#### PROBLEM REQUIREMENTS
Without the images, reproduce each line of the material exactly.

#### INFORMATION SHOWN
※

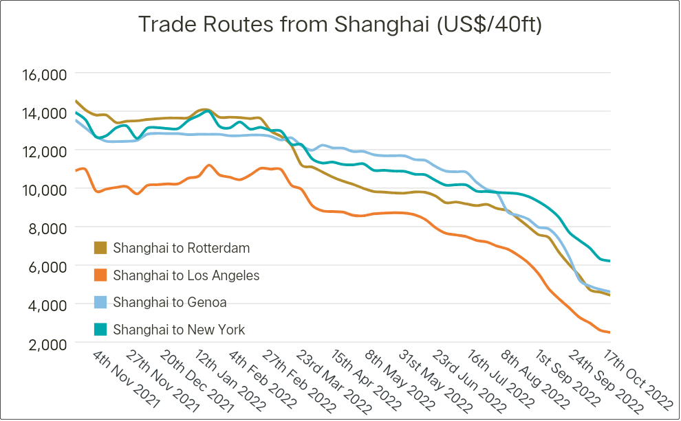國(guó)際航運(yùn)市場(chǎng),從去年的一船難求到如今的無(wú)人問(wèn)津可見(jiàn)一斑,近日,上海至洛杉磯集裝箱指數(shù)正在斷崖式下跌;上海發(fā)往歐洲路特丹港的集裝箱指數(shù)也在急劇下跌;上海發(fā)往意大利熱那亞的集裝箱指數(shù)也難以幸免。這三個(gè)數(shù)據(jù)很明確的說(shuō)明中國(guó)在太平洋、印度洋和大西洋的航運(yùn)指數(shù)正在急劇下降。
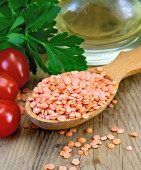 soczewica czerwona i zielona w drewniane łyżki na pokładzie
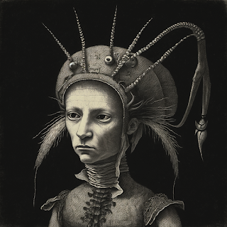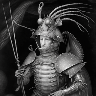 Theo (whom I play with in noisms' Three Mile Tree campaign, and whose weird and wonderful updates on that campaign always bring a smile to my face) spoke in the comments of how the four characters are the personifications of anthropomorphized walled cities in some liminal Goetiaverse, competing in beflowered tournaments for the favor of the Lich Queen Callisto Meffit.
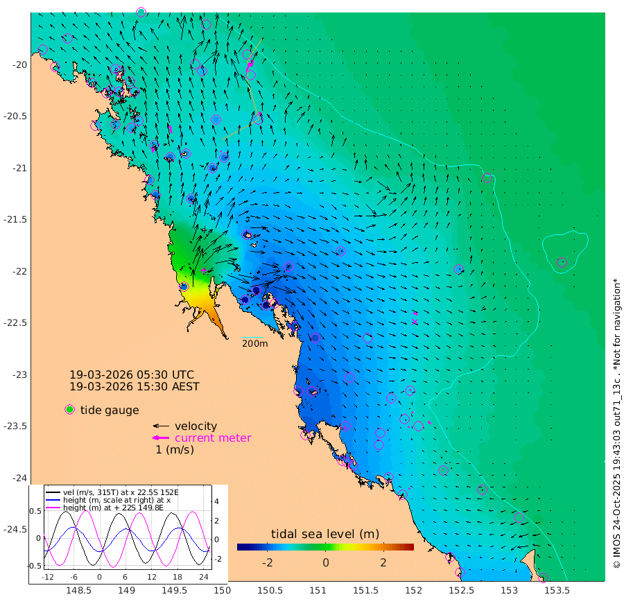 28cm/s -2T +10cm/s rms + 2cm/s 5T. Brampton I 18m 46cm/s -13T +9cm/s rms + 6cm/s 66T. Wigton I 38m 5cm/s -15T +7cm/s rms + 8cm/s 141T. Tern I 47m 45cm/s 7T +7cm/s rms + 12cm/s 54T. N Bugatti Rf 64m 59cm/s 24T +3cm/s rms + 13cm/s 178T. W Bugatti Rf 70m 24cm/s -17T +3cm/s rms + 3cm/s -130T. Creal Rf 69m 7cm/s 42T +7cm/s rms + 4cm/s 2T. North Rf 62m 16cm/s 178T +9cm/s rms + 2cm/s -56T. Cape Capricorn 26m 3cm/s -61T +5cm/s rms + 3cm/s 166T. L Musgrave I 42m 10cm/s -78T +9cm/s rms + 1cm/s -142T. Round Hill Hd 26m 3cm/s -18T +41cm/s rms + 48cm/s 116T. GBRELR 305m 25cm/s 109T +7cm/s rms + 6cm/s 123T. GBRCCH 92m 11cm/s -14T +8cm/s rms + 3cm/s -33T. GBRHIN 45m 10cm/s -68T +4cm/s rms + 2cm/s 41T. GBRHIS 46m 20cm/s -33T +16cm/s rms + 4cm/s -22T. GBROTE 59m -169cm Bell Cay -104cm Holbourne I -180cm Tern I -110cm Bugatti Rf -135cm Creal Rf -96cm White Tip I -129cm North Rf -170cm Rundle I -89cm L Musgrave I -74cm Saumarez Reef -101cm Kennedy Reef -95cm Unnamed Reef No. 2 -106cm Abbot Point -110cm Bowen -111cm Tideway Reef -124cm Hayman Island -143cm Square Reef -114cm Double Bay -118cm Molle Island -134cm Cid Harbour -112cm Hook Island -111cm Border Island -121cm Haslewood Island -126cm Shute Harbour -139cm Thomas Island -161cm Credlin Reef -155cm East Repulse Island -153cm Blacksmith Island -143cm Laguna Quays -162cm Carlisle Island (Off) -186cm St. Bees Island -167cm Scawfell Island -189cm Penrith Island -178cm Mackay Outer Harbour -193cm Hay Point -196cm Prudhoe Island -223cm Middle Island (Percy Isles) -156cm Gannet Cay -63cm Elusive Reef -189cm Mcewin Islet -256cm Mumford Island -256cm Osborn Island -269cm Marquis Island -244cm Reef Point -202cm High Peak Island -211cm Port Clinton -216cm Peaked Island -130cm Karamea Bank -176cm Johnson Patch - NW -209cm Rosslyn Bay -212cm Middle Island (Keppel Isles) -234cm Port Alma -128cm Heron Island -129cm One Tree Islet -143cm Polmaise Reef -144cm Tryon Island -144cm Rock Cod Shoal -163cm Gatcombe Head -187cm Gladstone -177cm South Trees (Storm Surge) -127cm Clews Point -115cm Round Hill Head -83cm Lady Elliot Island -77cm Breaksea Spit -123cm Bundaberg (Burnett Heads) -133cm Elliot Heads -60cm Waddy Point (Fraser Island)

※

#### FINAL ANSWER
國(guó)際航運(yùn)市場(chǎng),從去年的一船難求到如今的無(wú)人問(wèn)津可見(jiàn)一斑,近日,上海至洛杉磯集裝箱指數(shù)正在斷崖式下跌;上海發(fā)往歐洲路特丹港的集裝箱指數(shù)也在急劇下跌;上海發(fā)往意大利熱那亞的集裝箱指數(shù)也難以幸免。這三個(gè)數(shù)據(jù)很明確的說(shuō)明中國(guó)在太平洋、印度洋和大西洋的航運(yùn)指數(shù)正在急劇下降。
 soczewica czerwona i zielona w drewniane łyżki na pokładzie
 Theo (whom I play with in noisms' Three Mile Tree campaign, and whose weird and wonderful updates on that campaign always bring a smile to my face) spoke in the comments of how the four characters are the personifications of anthropomorphized walled cities in some liminal Goetiaverse, competing in beflowered tournaments for the favor of the Lich Queen Callisto Meffit.
 28cm/s -2T +10cm/s rms + 2cm/s 5T. Brampton I 18m 46cm/s -13T +9cm/s rms + 6cm/s 66T. Wigton I 38m 5cm/s -15T +7cm/s rms + 8cm/s 141T. Tern I 47m 45cm/s 7T +7cm/s rms + 12cm/s 54T. N Bugatti Rf 64m 59cm/s 24T +3cm/s rms + 13cm/s 178T. W Bugatti Rf 70m 24cm/s -17T +3cm/s rms + 3cm/s -130T. Creal Rf 69m 7cm/s 42T +7cm/s rms + 4cm/s 2T. North Rf 62m 16cm/s 178T +9cm/s rms + 2cm/s -56T. Cape Capricorn 26m 3cm/s -61T +5cm/s rms + 3cm/s 166T. L Musgrave I 42m 10cm/s -78T +9cm/s rms + 1cm/s -142T. Round Hill Hd 26m 3cm/s -18T +41cm/s rms + 48cm/s 116T. GBRELR 305m 25cm/s 109T +7cm/s rms + 6cm/s 123T. GBRCCH 92m 11cm/s -14T +8cm/s rms + 3cm/s -33T. GBRHIN 45m 10cm/s -68T +4cm/s rms + 2cm/s 41T. GBRHIS 46m 20cm/s -33T +16cm/s rms + 4cm/s -22T. GBROTE 59m -169cm Bell Cay -104cm Holbourne I -180cm Tern I -110cm Bugatti Rf -135cm Creal Rf -96cm White Tip I -129cm North Rf -170cm Rundle I -89cm L Musgrave I -74cm Saumarez Reef -101cm Kennedy Reef -95cm Unnamed Reef No. 2 -106cm Abbot Point -110cm Bowen -111cm Tideway Reef -124cm Hayman Island -143cm Square Reef -114cm Double Bay -118cm Molle Island -134cm Cid Harbour -112cm Hook Island -111cm Border Island -121cm Haslewood Island -126cm Shute Harbour -139cm Thomas Island -161cm Credlin Reef -155cm East Repulse Island -153cm Blacksmith Island -143cm Laguna Quays -162cm Carlisle Island (Off) -186cm St. Bees Island -167cm Scawfell Island -189cm Penrith Island -178cm Mackay Outer Harbour -193cm Hay Point -196cm Prudhoe Island -223cm Middle Island (Percy Isles) -156cm Gannet Cay -63cm Elusive Reef -189cm Mcewin Islet -256cm Mumford Island -256cm Osborn Island -269cm Marquis Island -244cm Reef Point -202cm High Peak Island -211cm Port Clinton -216cm Peaked Island -130cm Karamea Bank -176cm Johnson Patch - NW -209cm Rosslyn Bay -212cm Middle Island (Keppel Isles) -234cm Port Alma -128cm Heron Island -129cm One Tree Islet -143cm Polmaise Reef -144cm Tryon Island -144cm Rock Cod Shoal -163cm Gatcombe Head -187cm Gladstone -177cm South Trees (Storm Surge) -127cm Clews Point -115cm Round Hill Head -83cm Lady Elliot Island -77cm Breaksea Spit -123cm Bundaberg (Burnett Heads) -133cm Elliot Heads -60cm Waddy Point (Fraser Island)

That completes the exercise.